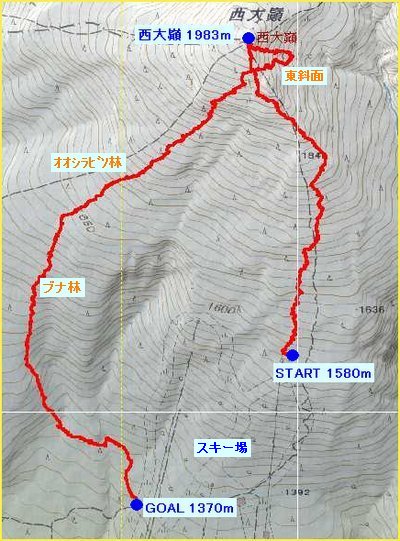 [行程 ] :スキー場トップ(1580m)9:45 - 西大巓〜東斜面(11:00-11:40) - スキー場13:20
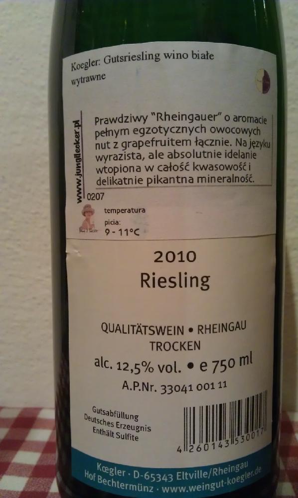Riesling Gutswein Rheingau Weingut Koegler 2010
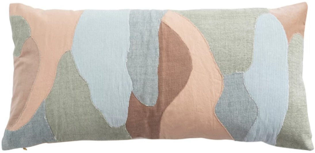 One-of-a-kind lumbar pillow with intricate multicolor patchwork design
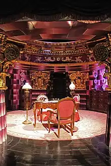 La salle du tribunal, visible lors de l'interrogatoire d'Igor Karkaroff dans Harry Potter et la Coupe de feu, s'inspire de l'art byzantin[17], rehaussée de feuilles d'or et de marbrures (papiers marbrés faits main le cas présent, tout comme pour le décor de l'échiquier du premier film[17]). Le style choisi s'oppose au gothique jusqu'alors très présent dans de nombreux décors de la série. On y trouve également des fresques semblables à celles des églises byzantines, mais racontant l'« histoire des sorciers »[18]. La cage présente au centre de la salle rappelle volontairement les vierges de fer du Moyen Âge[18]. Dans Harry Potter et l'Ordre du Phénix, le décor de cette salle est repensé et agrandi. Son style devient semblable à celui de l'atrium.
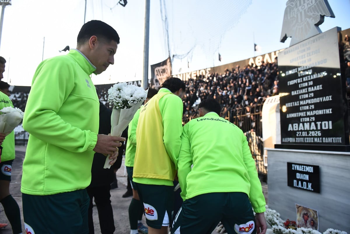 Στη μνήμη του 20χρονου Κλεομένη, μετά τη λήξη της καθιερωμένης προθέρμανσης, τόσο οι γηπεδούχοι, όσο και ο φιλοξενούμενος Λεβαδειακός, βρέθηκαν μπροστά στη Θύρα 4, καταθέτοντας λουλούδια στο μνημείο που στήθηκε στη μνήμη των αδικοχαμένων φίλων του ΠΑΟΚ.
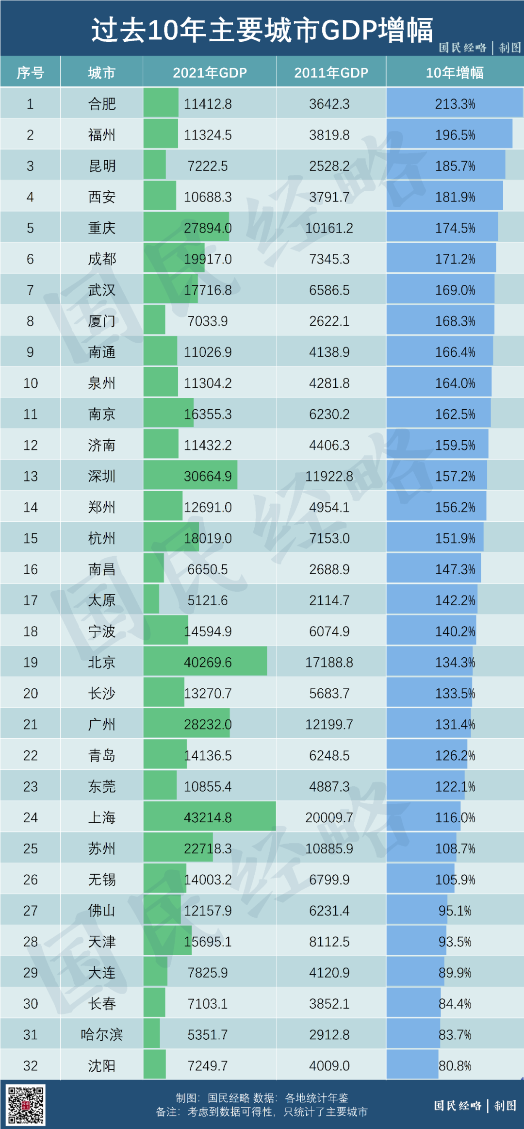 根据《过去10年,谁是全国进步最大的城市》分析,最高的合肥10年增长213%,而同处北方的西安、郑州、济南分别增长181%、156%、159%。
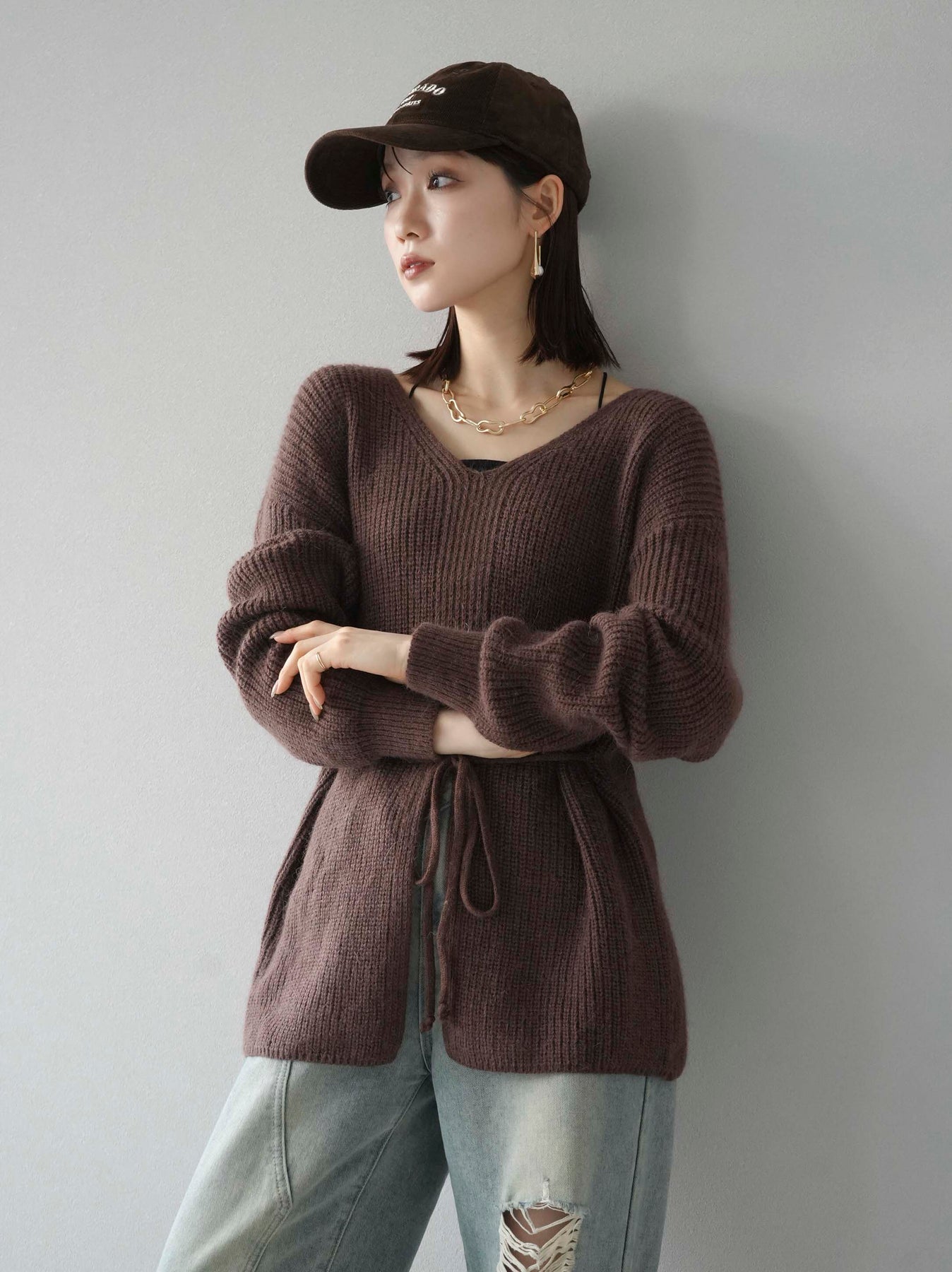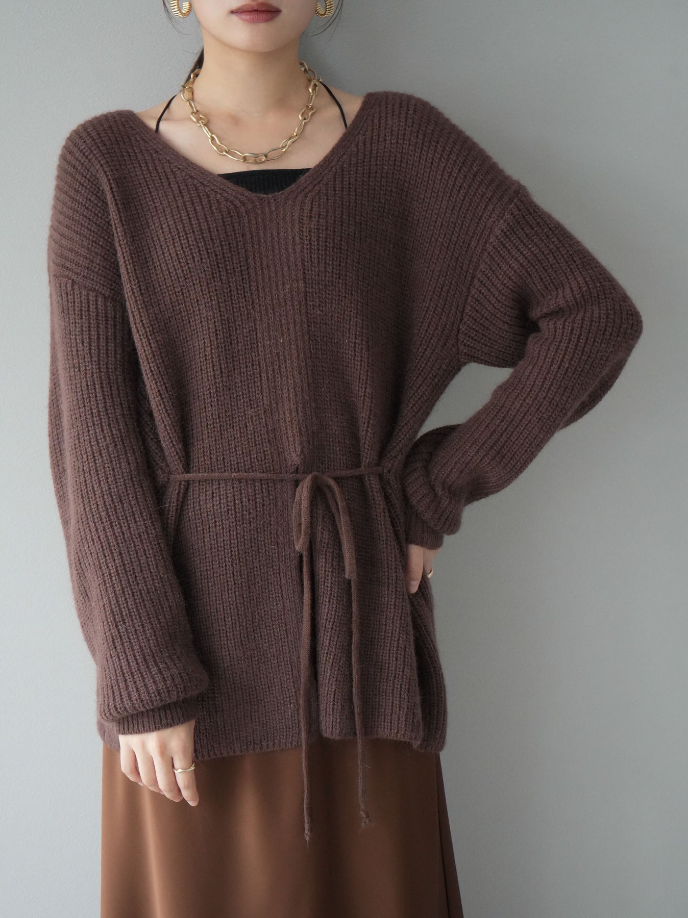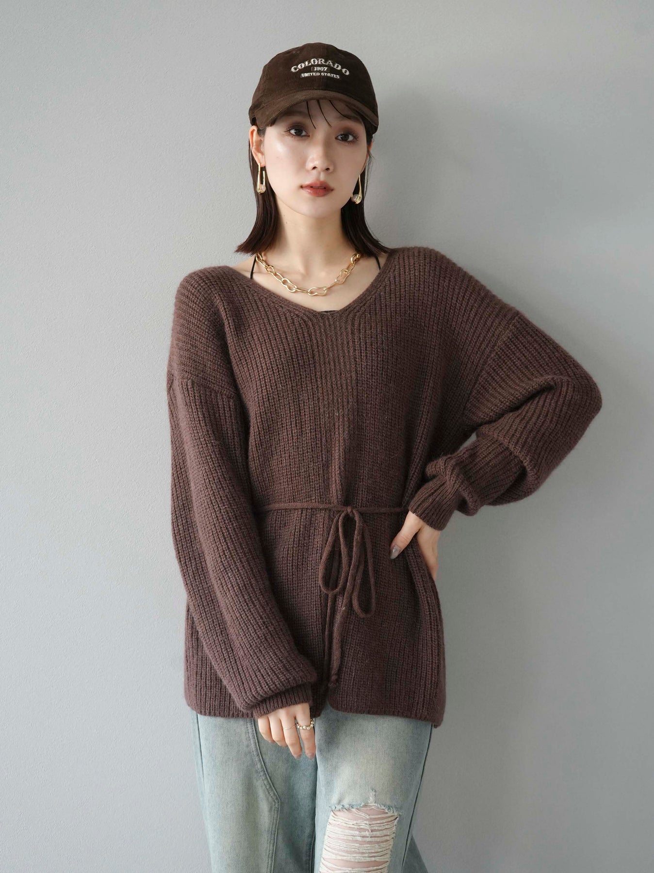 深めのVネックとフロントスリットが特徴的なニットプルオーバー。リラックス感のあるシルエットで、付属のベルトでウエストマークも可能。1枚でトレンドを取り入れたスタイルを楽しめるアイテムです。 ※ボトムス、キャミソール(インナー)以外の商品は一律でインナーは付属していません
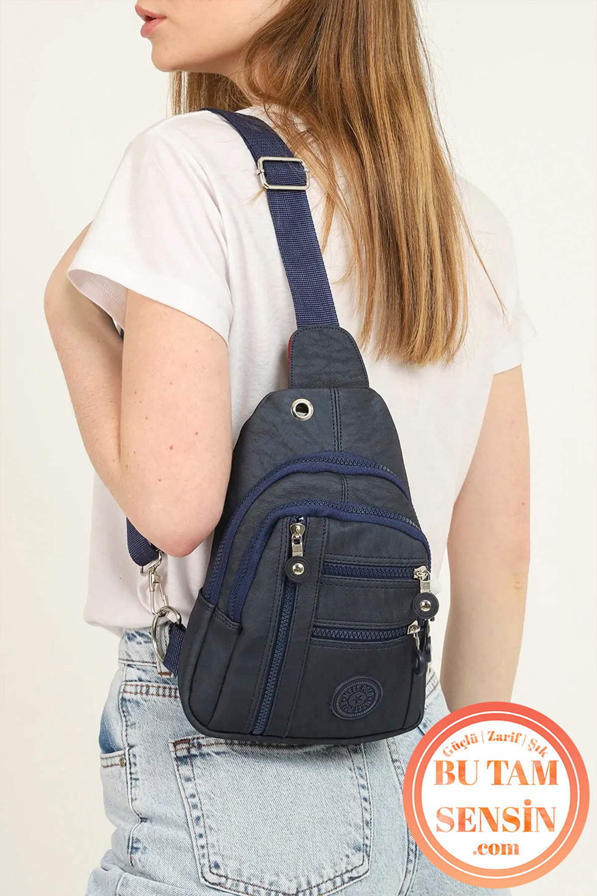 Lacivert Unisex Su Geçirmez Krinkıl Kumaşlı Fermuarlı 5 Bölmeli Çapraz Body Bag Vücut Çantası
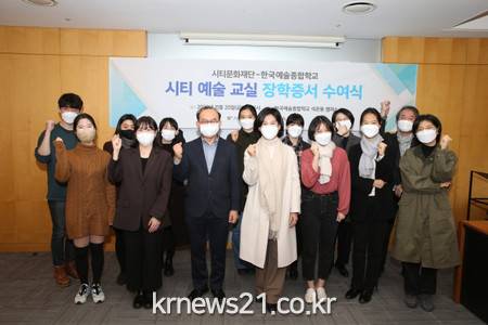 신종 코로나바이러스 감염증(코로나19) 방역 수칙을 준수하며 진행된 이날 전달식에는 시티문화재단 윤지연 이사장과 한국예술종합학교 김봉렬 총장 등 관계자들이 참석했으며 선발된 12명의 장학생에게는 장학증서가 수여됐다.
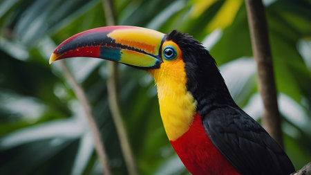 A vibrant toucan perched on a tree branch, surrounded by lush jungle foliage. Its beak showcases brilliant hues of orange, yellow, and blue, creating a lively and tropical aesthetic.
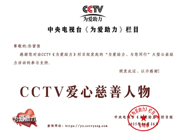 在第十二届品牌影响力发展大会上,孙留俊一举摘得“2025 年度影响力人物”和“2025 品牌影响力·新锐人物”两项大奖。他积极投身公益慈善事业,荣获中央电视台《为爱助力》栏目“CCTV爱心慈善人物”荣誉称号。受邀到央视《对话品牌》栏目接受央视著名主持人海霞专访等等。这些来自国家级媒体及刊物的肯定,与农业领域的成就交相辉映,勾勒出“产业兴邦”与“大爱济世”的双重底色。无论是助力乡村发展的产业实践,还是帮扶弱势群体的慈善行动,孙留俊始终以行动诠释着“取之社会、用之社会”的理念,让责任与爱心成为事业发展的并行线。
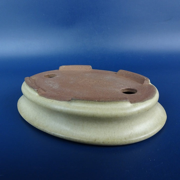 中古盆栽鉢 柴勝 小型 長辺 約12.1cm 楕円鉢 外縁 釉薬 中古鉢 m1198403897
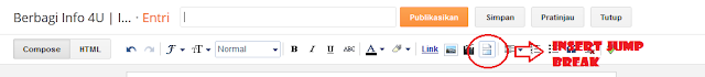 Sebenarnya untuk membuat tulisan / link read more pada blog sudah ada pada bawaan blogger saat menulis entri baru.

* * * * *

=== Problem description ===
Starting at the line that holds "Στη μνήμη του", repeat every line through the end of the listing exactly as written, skipping any picture.

=== Output for this task ===
 Στη μνήμη του 20χρονου Κλεομένη, μετά τη λήξη της καθιερωμένης προθέρμανσης, τόσο οι γηπεδούχοι, όσο και ο φιλοξενούμενος Λεβαδειακός, βρέθηκαν μπροστά στη Θύρα 4, καταθέτοντας λουλούδια στο μνημείο που στήθηκε στη μνήμη των αδικοχαμένων φίλων του ΠΑΟΚ.
 根据《过去10年,谁是全国进步最大的城市》分析,最高的合肥10年增长213%,而同处北方的西安、郑州、济南分别增长181%、156%、159%。
 深めのVネックとフロントスリットが特徴的なニットプルオーバー。リラックス感のあるシルエットで、付属のベルトでウエストマークも可能。1枚でトレンドを取り入れたスタイルを楽しめるアイテムです。 ※ボトムス、キャミソール(インナー)以外の商品は一律でインナーは付属していません
 Lacivert Unisex Su Geçirmez Krinkıl Kumaşlı Fermuarlı 5 Bölmeli Çapraz Body Bag Vücut Çantası
 신종 코로나바이러스 감염증(코로나19) 방역 수칙을 준수하며 진행된 이날 전달식에는 시티문화재단 윤지연 이사장과 한국예술종합학교 김봉렬 총장 등 관계자들이 참석했으며 선발된 12명의 장학생에게는 장학증서가 수여됐다.
 A vibrant toucan perched on a tree branch, surrounded by lush jungle foliage. Its beak showcases brilliant hues of orange, yellow, and blue, creating a lively and tropical aesthetic.
 在第十二届品牌影响力发展大会上,孙留俊一举摘得“2025 年度影响力人物”和“2025 品牌影响力·新锐人物”两项大奖。他积极投身公益慈善事业,荣获中央电视台《为爱助力》栏目“CCTV爱心慈善人物”荣誉称号。受邀到央视《对话品牌》栏目接受央视著名主持人海霞专访等等。这些来自国家级媒体及刊物的肯定,与农业领域的成就交相辉映,勾勒出“产业兴邦”与“大爱济世”的双重底色。无论是助力乡村发展的产业实践,还是帮扶弱势群体的慈善行动,孙留俊始终以行动诠释着“取之社会、用之社会”的理念,让责任与爱心成为事业发展的并行线。
 中古盆栽鉢 柴勝 小型 長辺 約12.1cm 楕円鉢 外縁 釉薬 中古鉢 m1198403897
 Sebenarnya untuk membuat tulisan / link read more pada blog sudah ada pada bawaan blogger saat menulis entri baru.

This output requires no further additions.